Task requirements
Retype, word for word, each line between the lines holding "(2)小明家临时性费用开支较" and "6cm alcohol ink", inclusive, and leave the rest of the data alone.

Available data
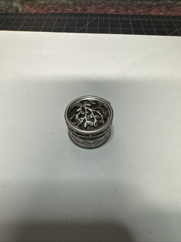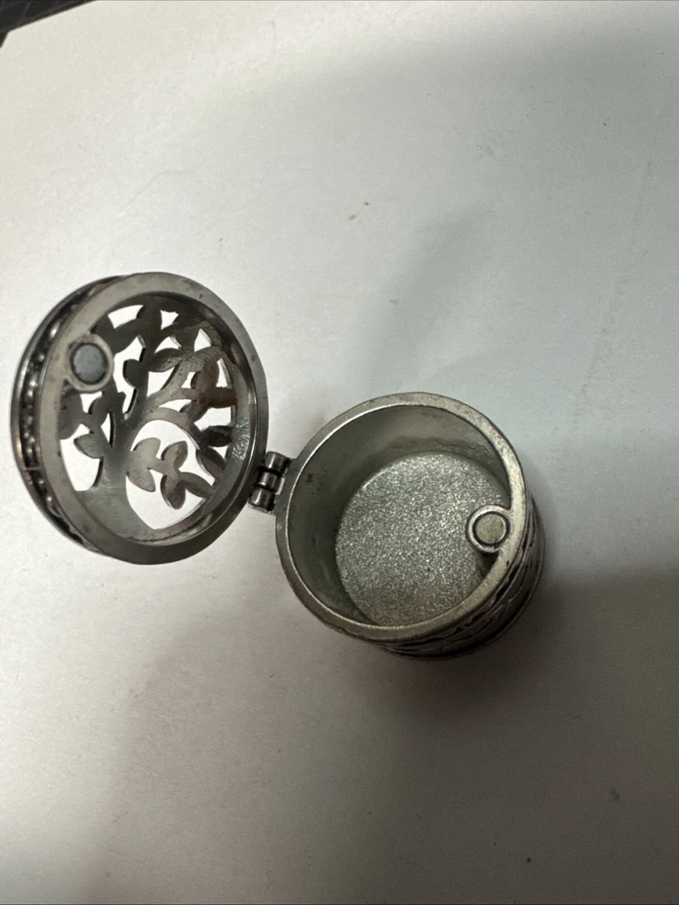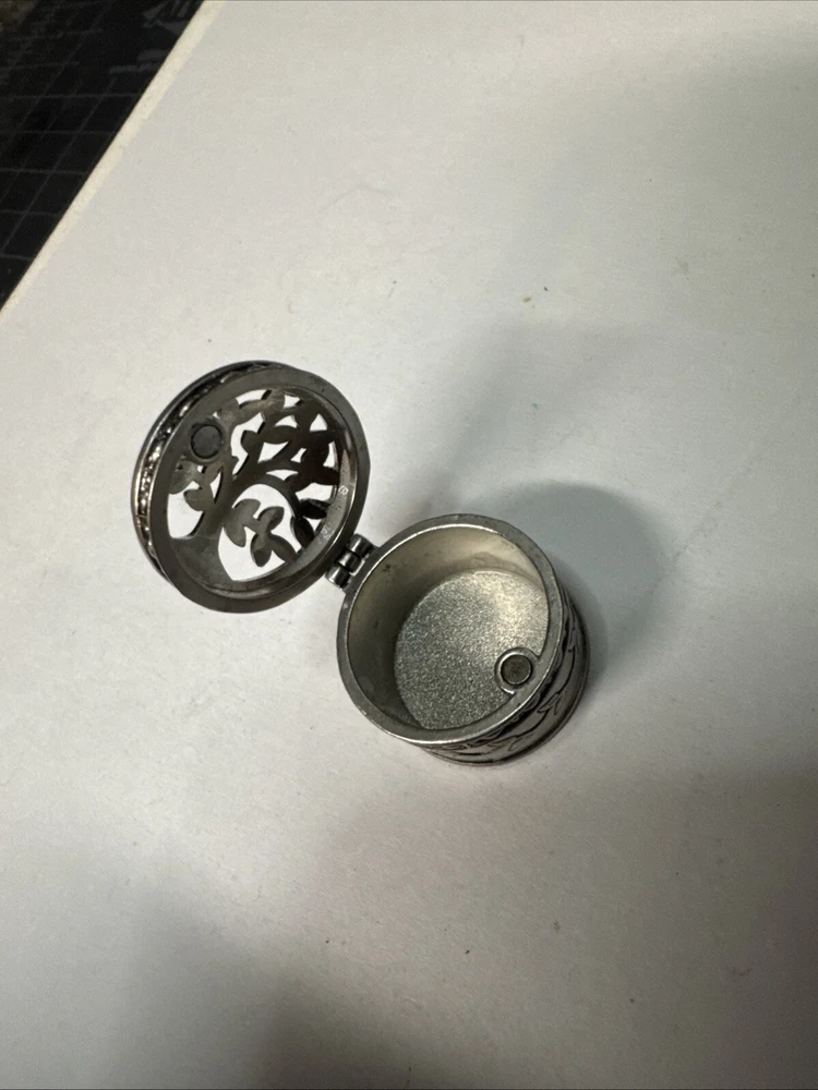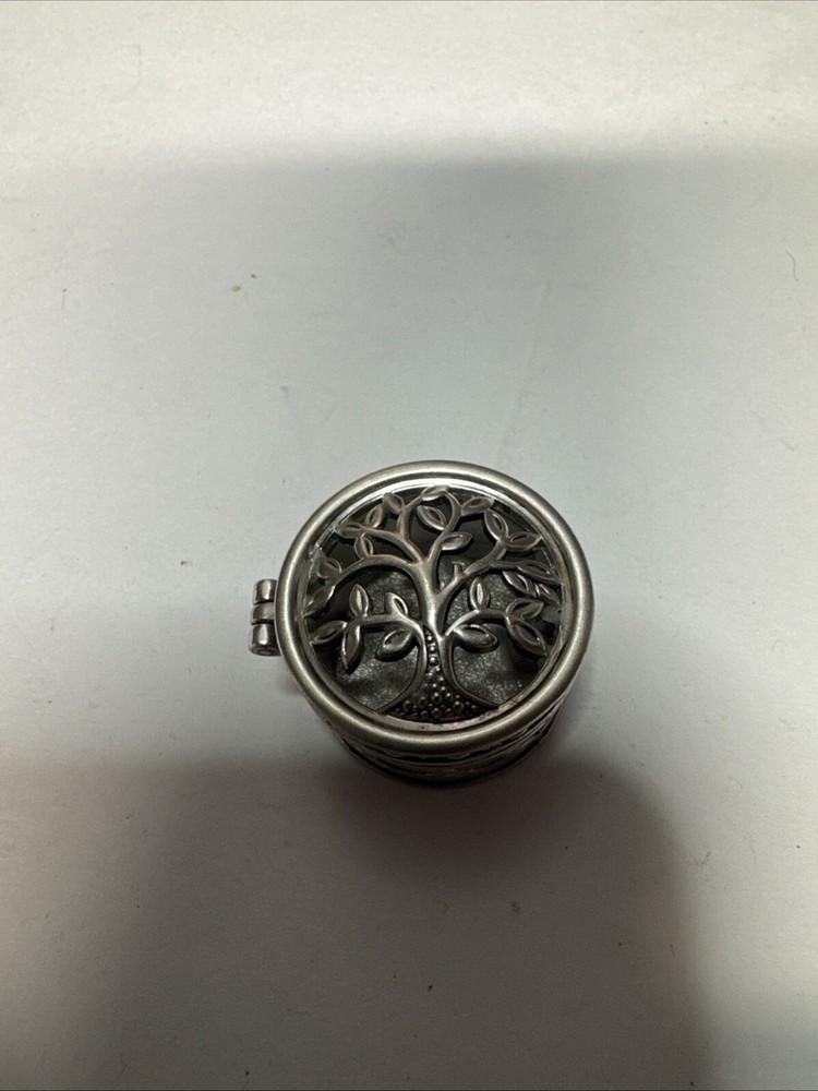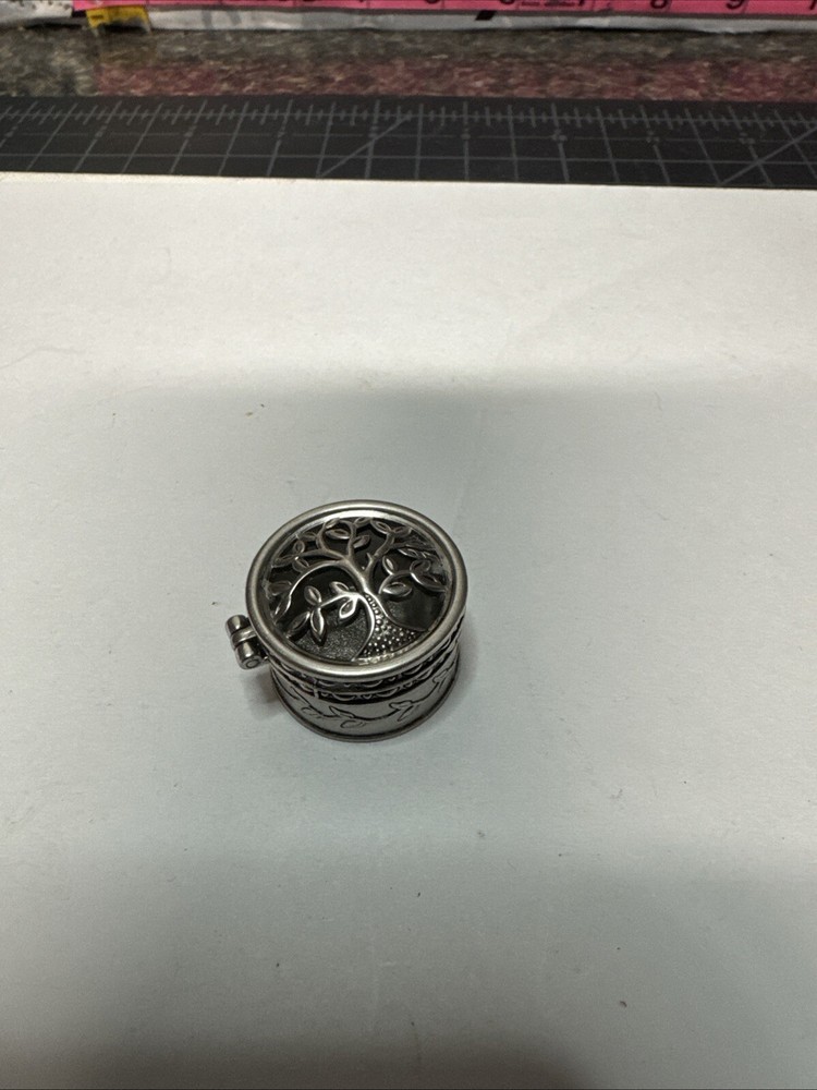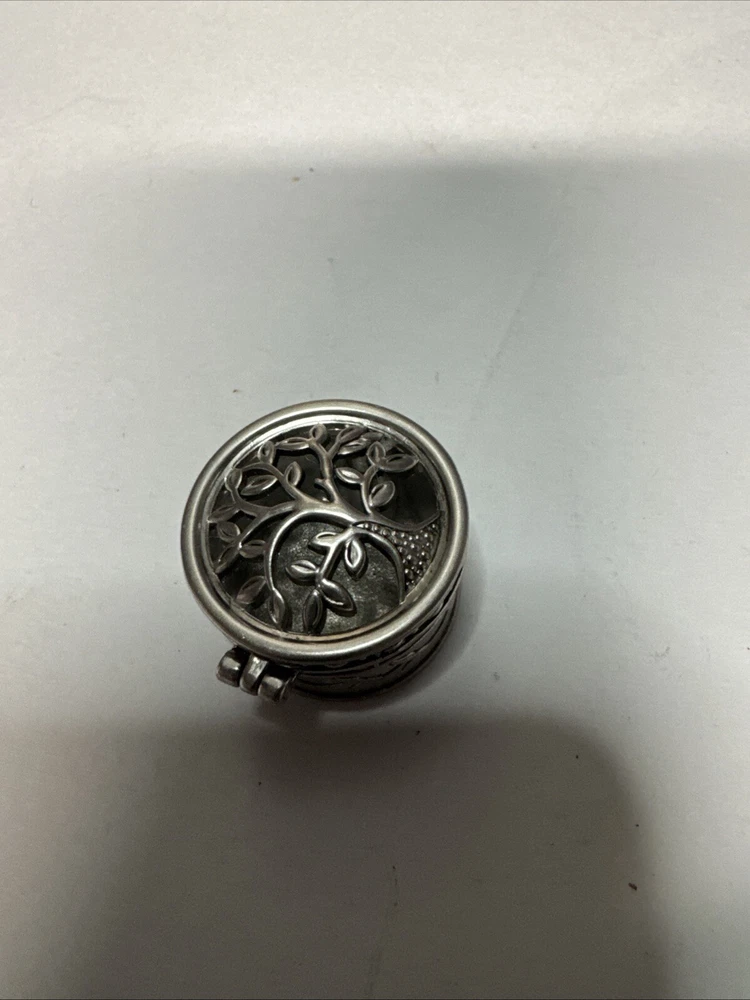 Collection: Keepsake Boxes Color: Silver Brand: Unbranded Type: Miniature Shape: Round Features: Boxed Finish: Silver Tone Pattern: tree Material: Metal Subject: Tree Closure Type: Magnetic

==

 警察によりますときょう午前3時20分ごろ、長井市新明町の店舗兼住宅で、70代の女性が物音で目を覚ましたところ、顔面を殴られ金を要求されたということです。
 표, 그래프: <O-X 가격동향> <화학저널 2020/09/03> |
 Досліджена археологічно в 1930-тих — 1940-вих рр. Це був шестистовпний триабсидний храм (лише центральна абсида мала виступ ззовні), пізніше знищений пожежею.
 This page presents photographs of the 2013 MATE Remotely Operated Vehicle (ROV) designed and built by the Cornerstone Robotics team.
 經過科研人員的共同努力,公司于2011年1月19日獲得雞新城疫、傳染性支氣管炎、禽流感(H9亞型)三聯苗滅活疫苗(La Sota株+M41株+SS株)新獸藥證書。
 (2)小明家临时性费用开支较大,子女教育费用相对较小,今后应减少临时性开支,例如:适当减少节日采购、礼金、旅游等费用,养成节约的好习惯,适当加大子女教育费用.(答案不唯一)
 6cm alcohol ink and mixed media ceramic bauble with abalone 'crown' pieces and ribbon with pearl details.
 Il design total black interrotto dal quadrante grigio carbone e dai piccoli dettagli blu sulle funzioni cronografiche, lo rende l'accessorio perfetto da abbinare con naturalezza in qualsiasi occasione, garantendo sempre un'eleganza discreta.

--

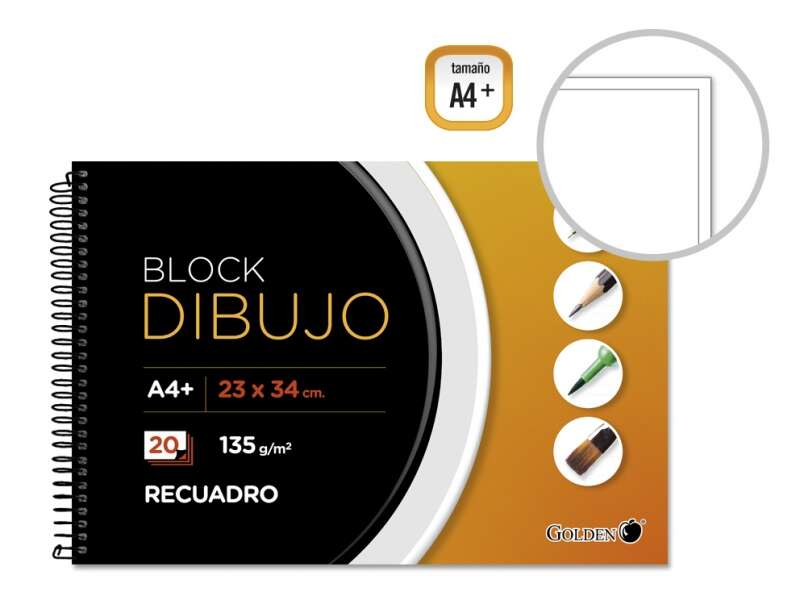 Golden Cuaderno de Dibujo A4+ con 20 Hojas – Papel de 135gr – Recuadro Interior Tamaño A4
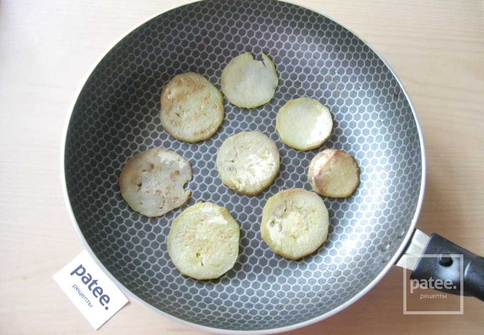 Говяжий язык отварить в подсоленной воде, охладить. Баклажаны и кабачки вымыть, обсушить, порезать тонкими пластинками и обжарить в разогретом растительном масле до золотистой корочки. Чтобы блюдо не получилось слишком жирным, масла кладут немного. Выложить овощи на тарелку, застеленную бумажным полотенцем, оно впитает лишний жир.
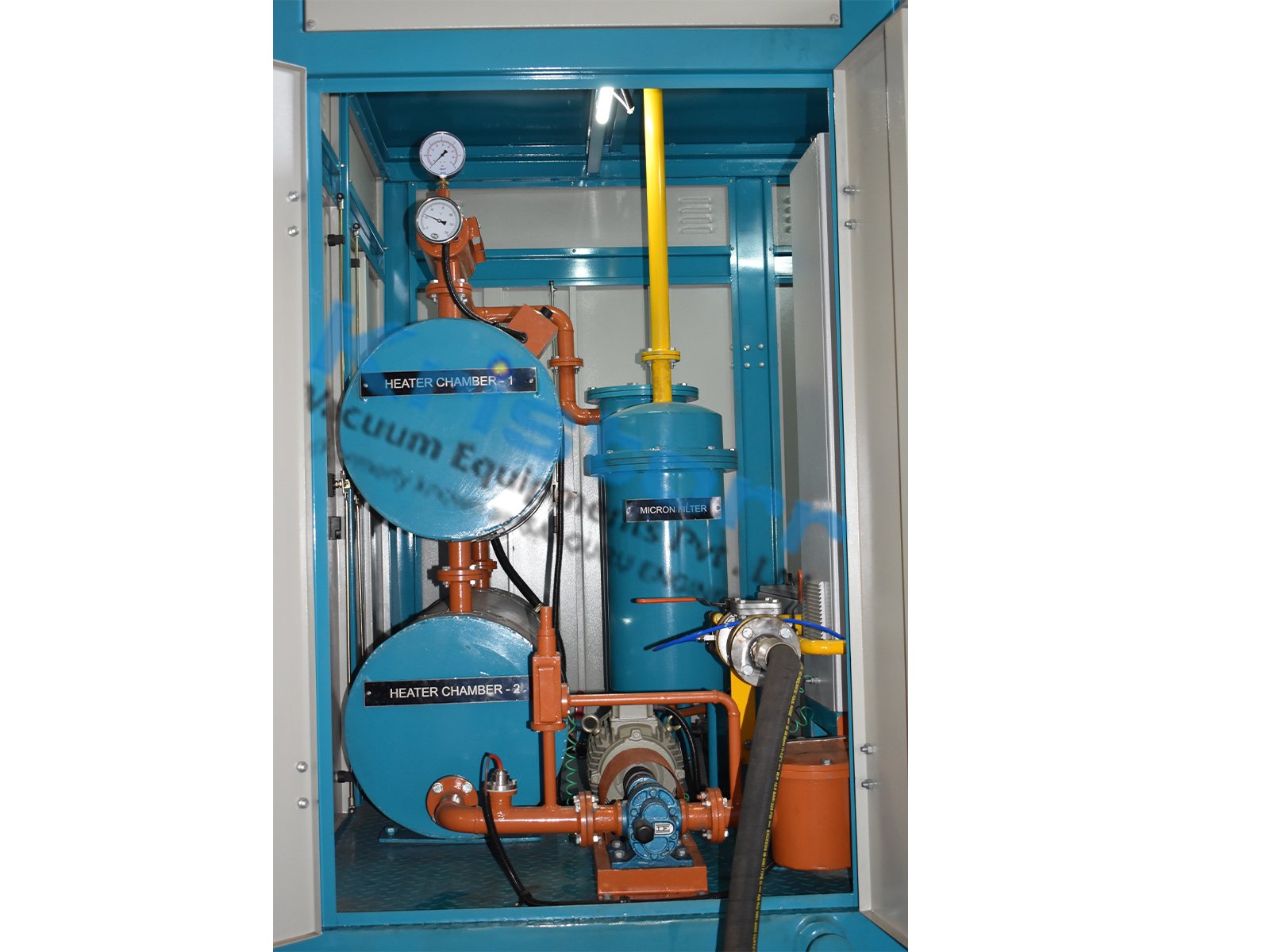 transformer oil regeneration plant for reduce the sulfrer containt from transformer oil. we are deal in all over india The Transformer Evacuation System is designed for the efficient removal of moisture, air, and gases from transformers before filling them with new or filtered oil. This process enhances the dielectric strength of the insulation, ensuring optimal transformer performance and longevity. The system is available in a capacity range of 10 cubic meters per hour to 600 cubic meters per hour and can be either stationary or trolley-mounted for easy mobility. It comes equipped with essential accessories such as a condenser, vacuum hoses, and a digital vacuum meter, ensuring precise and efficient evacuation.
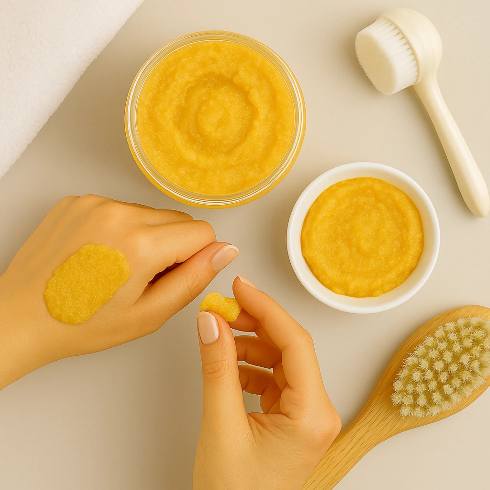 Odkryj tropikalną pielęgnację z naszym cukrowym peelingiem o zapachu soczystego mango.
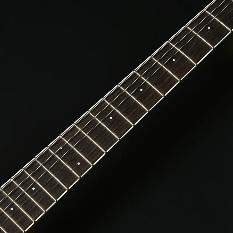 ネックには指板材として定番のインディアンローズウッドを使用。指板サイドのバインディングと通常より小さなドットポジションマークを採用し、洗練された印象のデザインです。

Written response
 (2)小明家临时性费用开支较大,子女教育费用相对较小,今后应减少临时性开支,例如:适当减少节日采购、礼金、旅游等费用,养成节约的好习惯,适当加大子女教育费用.(答案不唯一)
 6cm alcohol ink and mixed media ceramic bauble with abalone 'crown' pieces and ribbon with pearl details.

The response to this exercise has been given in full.